Soldiers struggle to connect with civilians in this Oscar-nominated film.
A War, writer and director Tobias Lindholm’s gripping film about violent events in Afghanistan, is part combat thriller, part legal drama. The film centers on a group of soldiers from Denmark, which participated in NATO’s Afghanistan intervention from the beginning, in 2001. A War was a finalist for this year’s Foreign Language Film Oscar.
When the soldiers and their commander, Claus (Pilou Asbæk), look at Afghans, they often do so through lenses of one kind or another: binoculars, rifle scopes, the cameras they use to document carnage. This may have a distancing effect. Certainly the soldiers operate at a remove from the civilians they’re protecting, and that could explain the lethal choice Claus makes at a critical moment.
As the film begins, soldiers are on patrol in an Afghan province, and Claus monitors them via radio. One is killed in an attack. This is a brutally gory scene, and shaky handheld cameras capture it and other combat sequences with documentary urgency. Afterward, Claus’ men are shaken, and he announces that he will begin accompanying them on patrols.
Meanwhile, in Denmark, Claus’ wife, Maria (Tuva Novotny), raises their three young children. She’s a doting mother, and we see her lose patience only once, when the middle child misbehaves. A boy of about 8, he seems to be acting out because of the strain caused by his father’s absence. The family members desperately want to be together again, and after a medical emergency involving the youngest child, Maria breaks down.

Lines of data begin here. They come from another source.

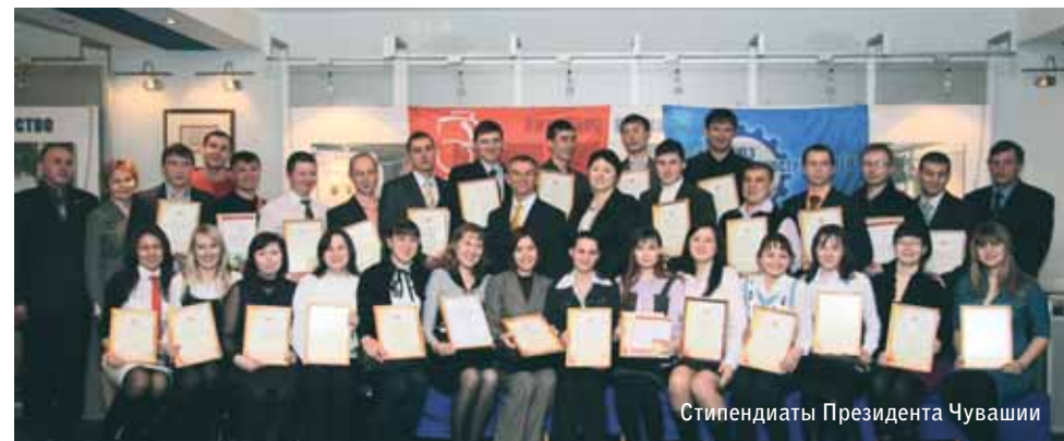
Стипендиаты Президента Чувашии

Поначалу герои дня были несколько растеряны. Но мощный положительный настрой, который чувствовался в выступлениях, стирал недоверие с лиц. Каждого молодого рабочего здесь назвали поименно, вручили календари с пожеланиями успехов в труде и призывом дорожить званием заводчанина. И было ощущение, что все они вливаются в большую дружную заводскую семью, где им рады, где их ждут!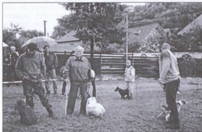
Snímek z loňského „korza“ - adepti na vítěze v kategorii menších plemen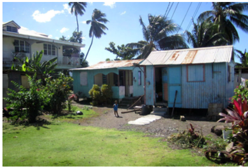
Snyggt & prydligt oavsett bostadstyp

Ingen borde svälta här för överallt växer det, bland annat bananer, granatäpplen, mango, kokosnötter och passionsfrukter.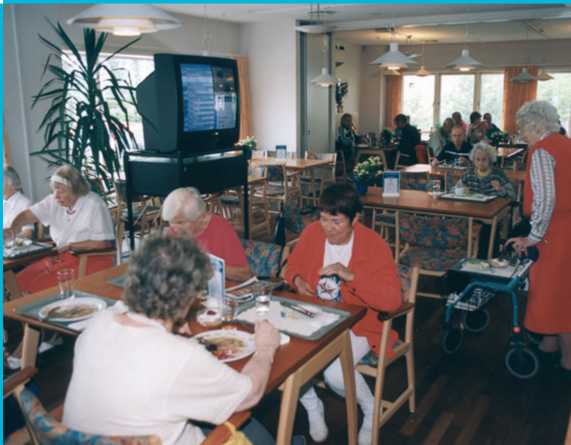
Eftermiddagshygge på Lundebjerggård

Af de anbragte unge kan 11 rummes i ungdomsboligerne,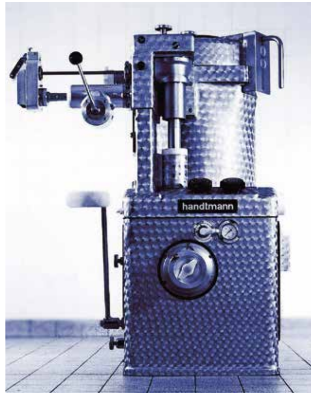
Verkaufsschlager: Die ab 1961 gebaute Handtmann Portioniermaschine FA 40-70 für die Wurstherstellung markiert den Durchbruch für die Handtmann Maschinenfabrik.

Auch das Produktportfolio wächst: 1967 bringt die Maschinenfabrik den ersten Vakuumfüller auf den Markt. Besonderheit ist das Flügelzellenförderwerk für exakte Portionie-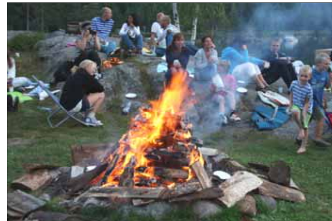
Leirbål - kos fra familieleiren på Vegårtun

det var gledestårer, altså. For da visste jeg at jeg hadde fått bønnesvar!"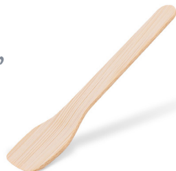
Eislöffel (Bambus) 66504 50 x 100 St.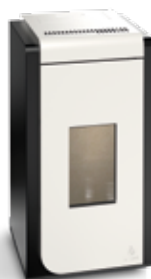
Termostufe a pellet MINERVA HYDRO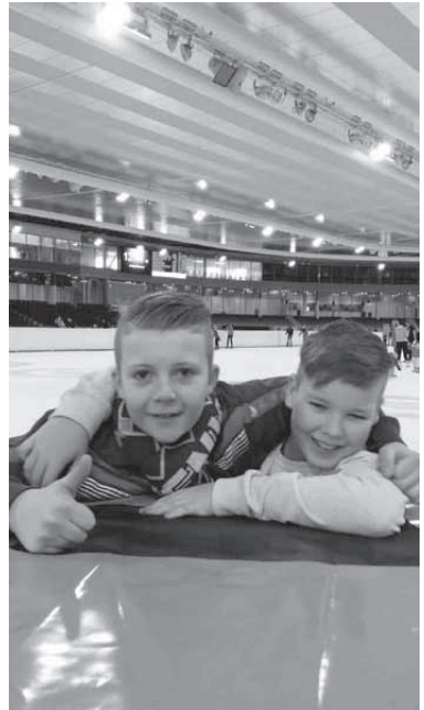
Schaatsen deel 2

Communications between the soldiers and their loved ones are difficult. Claus talks to his family in static-filled phone calls that sometimes are dropped and sometimes don’t happen as scheduled. In a video message, an injured soldier greets his comrades in Afghanistan by flipping through a series of cards. That scene, at once funny and wrenching, is a good example of the emotional complexity Lindholm finds in this material.
The soldiers likewise have trouble communicating with Afghan civilians. Mediated by interpreters, their conversations are emotional and confusing, and Claus struggles to connect. The civilians’ wellbeing is the reason the soldiers are there, as Claus says at a briefing, but civilians and combatants aren’t easy to tell apart in this phase of the conflict, when people detonating roadside bombs do so remotely, invisibly.
The drama hangs on a quick decision Claus makes during a firefight. Desperate to evacuate a wounded soldier, he orders deadly airstrikes on a structure that, it turns out, houses civilians, including children. He is charged with war crimes and sent home to Denmark for the trial. Claus is relieved to be back, even as he agonizes over his decision and the court proceeding.
In a scene near the end, Claus’ oldest child, an adolescent girl, asks him whether it’s true that he killed children. This is heartbreaking. Claus has come home and is now able to meet an essential parental commitment: being present for his children. But now he struggles with meeting another one: being honest with them.